Zdzislawa Bukarowicza was chained up by his wife Helena and fed on dog food and water because she was sick of him spending all their money on vodka.
He survived almost three weeks living on an old blanket in the dog kennel and being fed from the dog bowl despite temperatures of minus 20 degrees at his home in Scinawa.
He was eventually freed when friends, who had not seen him at their local for several days, called the police.
Link to the Story kennel boy
Monday, January 09, 2006
Flu Virus

Saturday, January 07, 2006
Step Study
We were on step 10 last night. This step for me is the step I need to read on a daily basis. It amazes me how lucky we are to have such simple designed program to make your life better. If even the normos did our program the world would be a better place.

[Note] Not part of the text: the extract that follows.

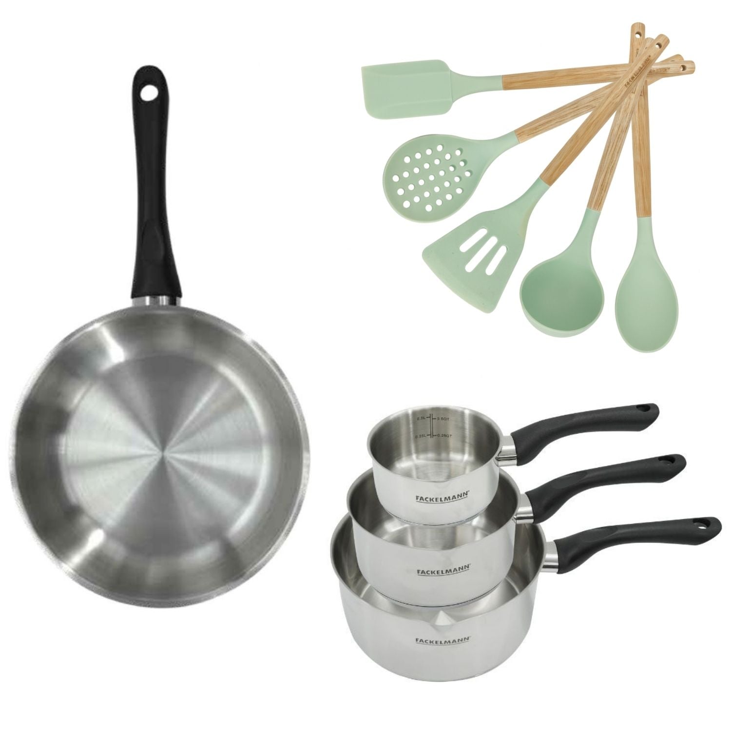 Lot Poêle 28cm et 3 Casseroles 12/16/20cm Fackelmann Généva avec 5 ustensiles

I was in thought about how I am sober, which is good, however it could be better if I finished the fouth step. I am working on it and I plan to finish it and finsh the rest of the steps within a couple month's.
Friday, January 06, 2006
Santa Lucia on My Vacation?

Want a Resentment

Thursday, January 05, 2006
Step Work

Wednesday, January 04, 2006
Leaving Seattle
Monday, January 02, 2006
Meeting
I went to a meeting tonight and I feel a lot better. It was like a big relief. There were some oldtimers as well as some with 15 days. Everytime I go to a meeting regardless of where I always feel good afterwards. It is just being around others that makes me feel not alone. When I was drinking I was always alone inside and I have been alone to long. There is this old guy who always says to me meeting makers make it and he is right. Thanks for the suggestions and God willing, tomarrow I will be flyng home with my family.
Sunday, January 01, 2006
Home Please
I am worn out from this trip and can't wait to get home. My wife and I got into an argument, because we are stressed out from her father and his wife. His wife was a pain in the ass all day. She expects my kids not to wrestle around in her house or run in her house. Good luck I have three boys. My wife's father is driving me nuts making strange noises while he eats and sometimes it can last all day. I feel like just strangling him some times, because it is so annoying. We went to their church today "Baptist" it was full of ignorance and intolerance. This was a great way to start off the new year. Then we went to "Narnia" great movie, the kids loved it. While leaving the movie my wife and I got into a fight because she was yelling at me and the kids in front of her family. That pisses me off more than anything. Then her fathers wife invited her son over again and uncorked another wine bottle for dinner. It's almost like she is trying to push me, not to drink but to be uncomfortable. That to me is probably just as bad as trying to get me to drink. I really have seemed to go backwards on this trip, in my spirituality and sobriety. The person who I was beginning to like seems gone for now. My head is filled with nothing but fear and uncertainty.